Let these indications be added to those we have quoted or referred to, which shew the writings of the Apostles were regarded as inspired and classed with those of "other Scriptures," and it will be seen they fit no other view than that the Apostles were by their teaching and example to be the permanent authority in the Church until Christ’s return. And here we have the analogy of the Old Covenant. Jesus taught that men had Moses and the Prophets, although these were all dead, and said that those who could not learn their duty from Moses and the Prophets would not do so though one were sent to them from the dead. "Moses," said James to the Jerusalem Conference, "from generations of old hath in every city them that preach him, being read in the synagogues every Sabbath Day (Acts 15:21).

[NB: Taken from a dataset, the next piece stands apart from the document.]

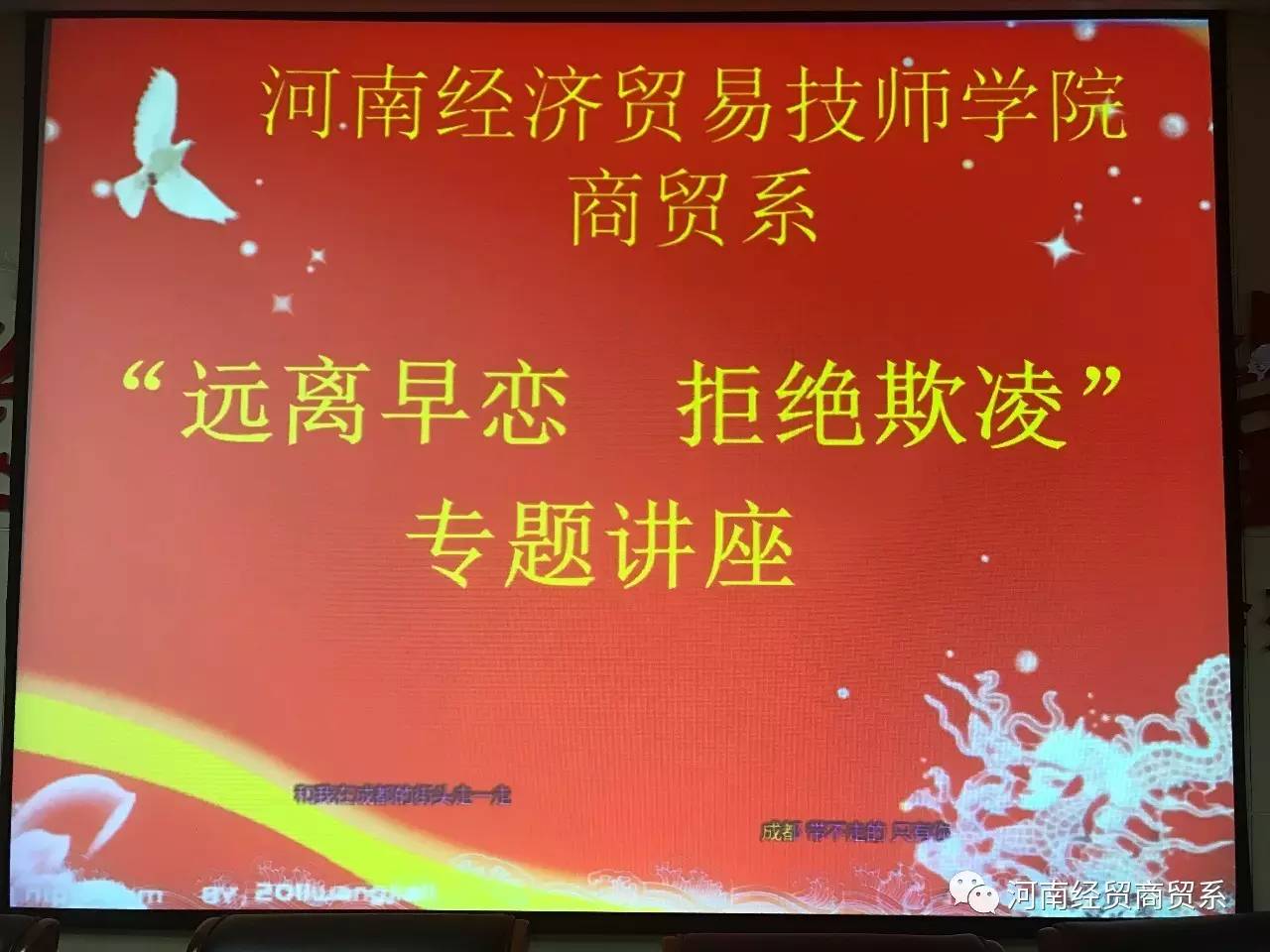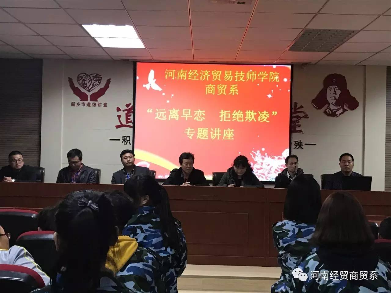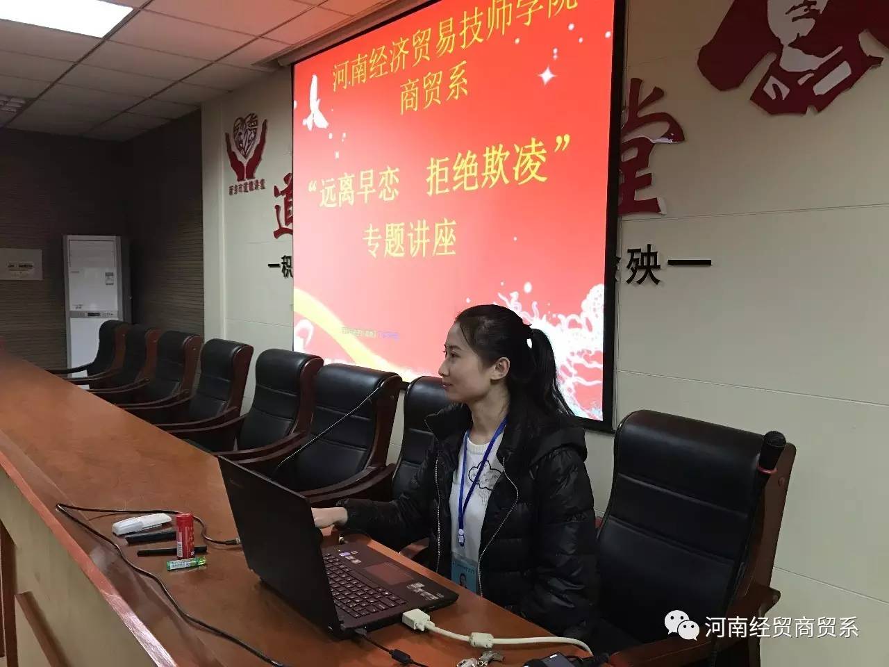 3月30日晚上7:30商贸系全力打造的法律知识进校园系列专题讲座全面展开,本期讲座的主题为“远离早恋,拒绝欺凌”。本次讲座由毕业于河南大学法学专业,兼修心理学专业,曾在多个律师事务所工作的商贸系教师冯亚会主讲。出席本次讲座的有我校主管学生工作的副校长张志杰老师、团委书记郭锐老师、学生科副科长孙树明老师、机械加工系书记朱聪辉老师、商贸系主任苗瑞红老师、商贸系副主任刘学昌老师、商贸系书记李毅老师以及商贸系全体班主任老师。商贸系陈梦诗老师担任本次讲座的主持。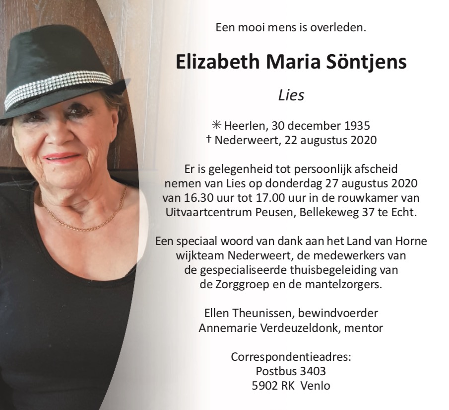 Overlijdensbericht: Elizabeth Maria Söntjens

We conclude that the view which the New Testament suggests is that which was accepted from the beginning before "Apostolical Succession" or "Restored Apostles" were heard of, viz., that, just as Moses and the Prophets continued to speak God’s word through their writings, so the Apostles and Prophets of the early Church were to continue to teach the "all things" necessary for the conversion of the world and the well-being of the Church through the writings of the New Covenant Scriptures. After looking in Chapter V., at some alleged imperfections in Apostolic teaching and example, we shall consider in Chapter VI., how Christianity stands, or rather does not stand, if the Apostles be rejected from the exalted place which, as we have sought to show, Christ intended them to occupy unto "the end of the world."